Para Labat esta danza era “opuesta al pudor”, de “posturas indecentes”, aunque “con todo eso, no deja de ser del gusto de los españoles criollos de América y tan habitual entre ellos que constituye la mayor parte de sus diversiones y aun de sus devociones. La danzan en sus iglesias y en sus procesiones, y las religiosas apenas dejan de bailarla la noche de Navidad sobre un teatro alzado en su coro, frente a su locutorio, que está abierto a fin de que el pueblo tome parte en la alegría que esas buenas almas manifiestan por el nacimiento del Salvador”. Indica Labat que en estas circunstancias no se admiten hombres, manifestando que quería creer que bailaban “con una intención completamente pura”. Para acotar finalmente con cierta sorna: “pero cuántos espectadores se hallan que lo juzguen tan caritativamente como yo?”.

En igual forma que el Padre Labat –sólo que casi un siglo después- habría de pronunciarse el inglés Walton, al describir las danzas que encontró entre los negros de Santo Domingo.

“El pueblo negro español de clase baja acompaña sus vulgares danzas con alaridos y con música producida por palos y maderas altisonantes, o por un higüero con surcos, el cual rasgan con agilidad utilizando un hueso fino. El baujo, especie de maracas hechas llenando un higüero de piedrecitas y los dientes fijos a la quijada de un caballo, rasgada con movimiento raudo y acompañado de tambor. Los pasos son extraños y obscenos.”

Como una nota curiosa de galantería, relata Walton esta estampa: “El mayor cumplido que el enamorado hace a su preferida por haberle concedido el privilegio de bailar con él durante la fiesta, es quitarse el sombrero y ponérselo a ella durante el resto de la velada; ésta la devuelve, casi siempre junto con un cigarro encendido, que ella misma ha liado.”

La mujer se engalanaba con sus mejores vestidos para asistir a los bailes, “hechos por lo general de muselina bordada en colores, orlados, o con borlas en las puntas”. Sobre el traje llevaba un mantón de colores de tafeta roja o de terciopelo bordado en oro, calzando zapatillas de seda, medias finas galonadas o sandalias. “Como usan faldas cortas, exhiben los bien formados pie y pierna, para deleite lujurioso del compañero admirador”.

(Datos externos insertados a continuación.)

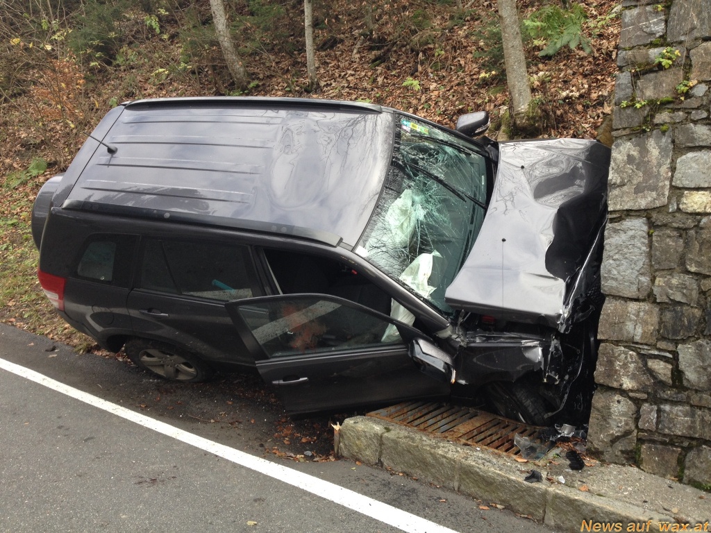 PKW kollidierte frontal mit Stützmauer (xxxxx)

“Acostumbran trenzarse el pelo con sartas de perlas o con flores, lo cual contrasta con su brillante pelo negro, que recogen con peinetas adornadas o de oro. Si bien no son bellas, las mujeres poseen una coqueta voluptuosidad que a primera vista, no puede dejar de impresionar al europeo, acostumbrado como está en las sociedades de su propio país, a modales más discretos y comedidos.”

En próximas entregas continuaremos documentando otros hitos de la vocación danzaría de los dominicanos, una veta fabulosa de nuestra cultura que se ha traducido en la difusión y acreditación internacional de bailes como el merengue y la bachata, constitutivos de verdaderas señas de identidad.